CBS pulled the segment – about a mega-prison where the U.S. has sent hundreds of mostly Venezuelan migrants without trial – hours before it was due to air in the U.S., sparking accusations from inside “60 Minutes” and on Capitol Hill that the network was engaging in self-censorship under political pressure.
Alfonsi told the New York Times on Wednesday that she continues to be employed at CBS, albeit without a contract, and does not expect to return to “60 Minutes,” the storied news magazine show.
The network’s unwillingness to renew her contract “sends a chilling message to the entire newsroom,” Alfonsi told the Times. “I think it was a deliberate choice to penalize a journalist for refusing to sanitize accurate reporting.”
CBS is owned by Paramount Skydance.
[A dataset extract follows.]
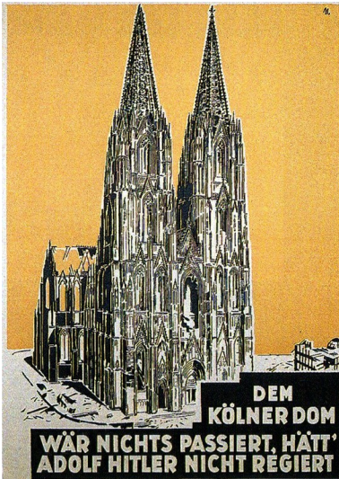
Zeichnung des im Zweiten Weltkrieg stark beschädigten Kölner Doms auf einem Plakat (um 1946), untertitelt ist die Abbildung mit 'Dem Kölner Dom war nichts passiert, hätte Adolf Hitler nicht regiert'.

A network spokesperson did not immediately respond to a Reuters request for comment. Reuters was unable to reach Alfonsi for comment.
The mega-prison segment spread online in December, and then aired on CBS a month later.
Alfonsi criticized the network’s decision at the time, writing in a note to her team that CBS pulled the report for “political” reasons. In a December email to staff defending the decision to hold the piece, Weiss wrote that winning back Americans’ trust “sometimes means holding a piece about an important subject to make sure it is comprehensive and fair.”
Skydance Media, run by David Ellison – the son of longtime supporter of President Donald Trump, Larry Ellison – acquired Paramount in August and installed Weiss in October as editor-in-chief. David Ellison helped secure regulatory approval for the deal, which created Paramount Skydance, with the promise that the CBS network would reflect the “varied ideological perspectives” of American viewers.
Trump has repeatedly pressured the Federal Communications Commission to revoke station licenses of major U.S. broadcasters NBC and ABC and charge them for using the public airwaves, as he criticized their news programming.
Prior to the deal, Paramount paid $16 million to settle a 2024 lawsuit Trump filed over a “60 Minutes” interview with former Vice President Kamala Harris, which he said gave a distorted view of his rival for the White House.
The FCC has said the settlement and regulatory review were unrelated.